🍞You can order these delicious mini ciabatta breads from more than 20 states in the United States and make delicious little toasts to eat as snacks or include them in lunch boxes.
🍄This vegan mushroom dip is absolutely delicious, and you can even use it as part of a sandwich filling. Loaded with the protein and good fats of cashews and the incredible antibacterial, antifungal, cytostatic, antioxidant, anticancer, and immunomodulatory benefits of mushrooms (which also provide fiber, protein, B vitamins, and minerals). This is a dip that you are really going to love!
4 gluten & dairy free mini ciabatta breads (order here https://www.cristyskitchenga.com/store/category/frozen-food/ )
Extra virgin olive oil
1 cup of raw, unsalted cashews (previously soaked for 8 hours)
1/2 oz shiitake mushrooms
1/2 oz porcini mushrooms
1/2 chopped yellow onion
1 tbsp nutritional yeast
1/2 tbsp almond butter
1/4 tsp onion powder
1/4 tsp garlic powder
1 tsp dried basil
✅Preheat oven to 350 F. Cut ciabattas into thin slices. Place them in a bowl and brush them with olive oil.

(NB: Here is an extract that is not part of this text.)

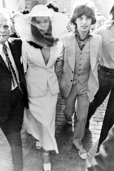 滾石創辦人之一Mick Jagger婚禮上,Bianca身穿YSL白色Le Smoking
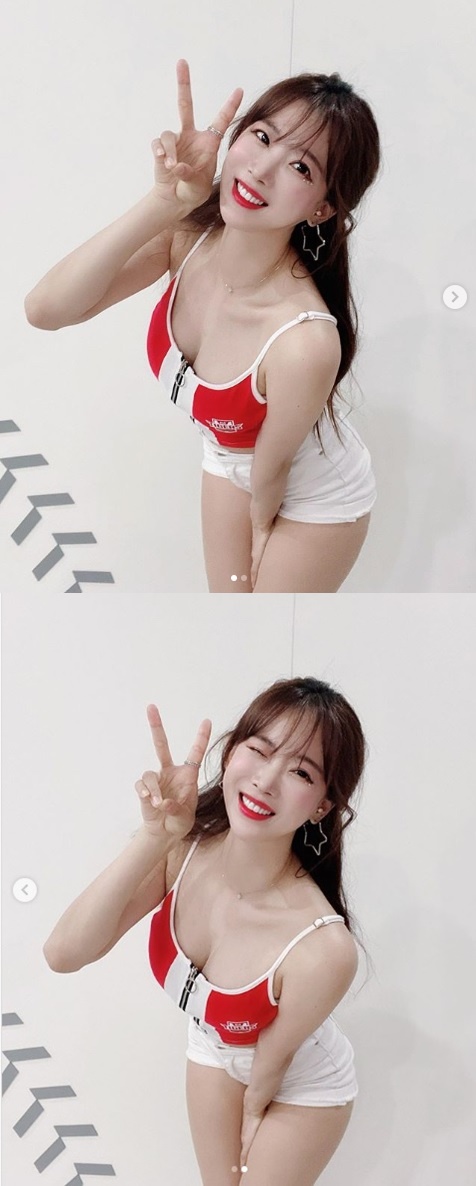 投稿された写真でキム・ハンナは、実際に球場でチアリーディングするときに着用するような、キャミソールにホットパンツという動きやすい格好。明るい笑顔を浮かべ、ピースしながらカメラを見つめている。

✅Sprinkle with salt and dried basil. Bake for 10-14 minutes, then flip and bake 4 more minutes.
✅For the dip: Place a little olive oil and the onions in a pan, add salt and cook them slowly to caramelize them a little. Reserve.
✅In a bowl, place the mushrooms and add 1 1/2 cups of boiling water, let stand for 30 minutes for the mushrooms to hydrate. Strain and reserve the liquid.

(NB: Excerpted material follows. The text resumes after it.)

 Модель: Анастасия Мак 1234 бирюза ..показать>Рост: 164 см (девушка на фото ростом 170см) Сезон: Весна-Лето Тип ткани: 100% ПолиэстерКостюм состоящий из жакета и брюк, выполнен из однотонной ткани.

✅In the blender place the soaked and washed cashews, 1 cup of the mushroom soaking water, nutritional yeast, almond butter, garlic, and onion powder, and blend until there are no lumps. Add the soaked mushrooms and blend just until you get small pieces (we want the texture and flavor of the mushrooms).
✅Now add the cooked onion and the dried basil, and blend just for a moment to integrate everything.
✅Serve immediately or refrigerate for 5 days.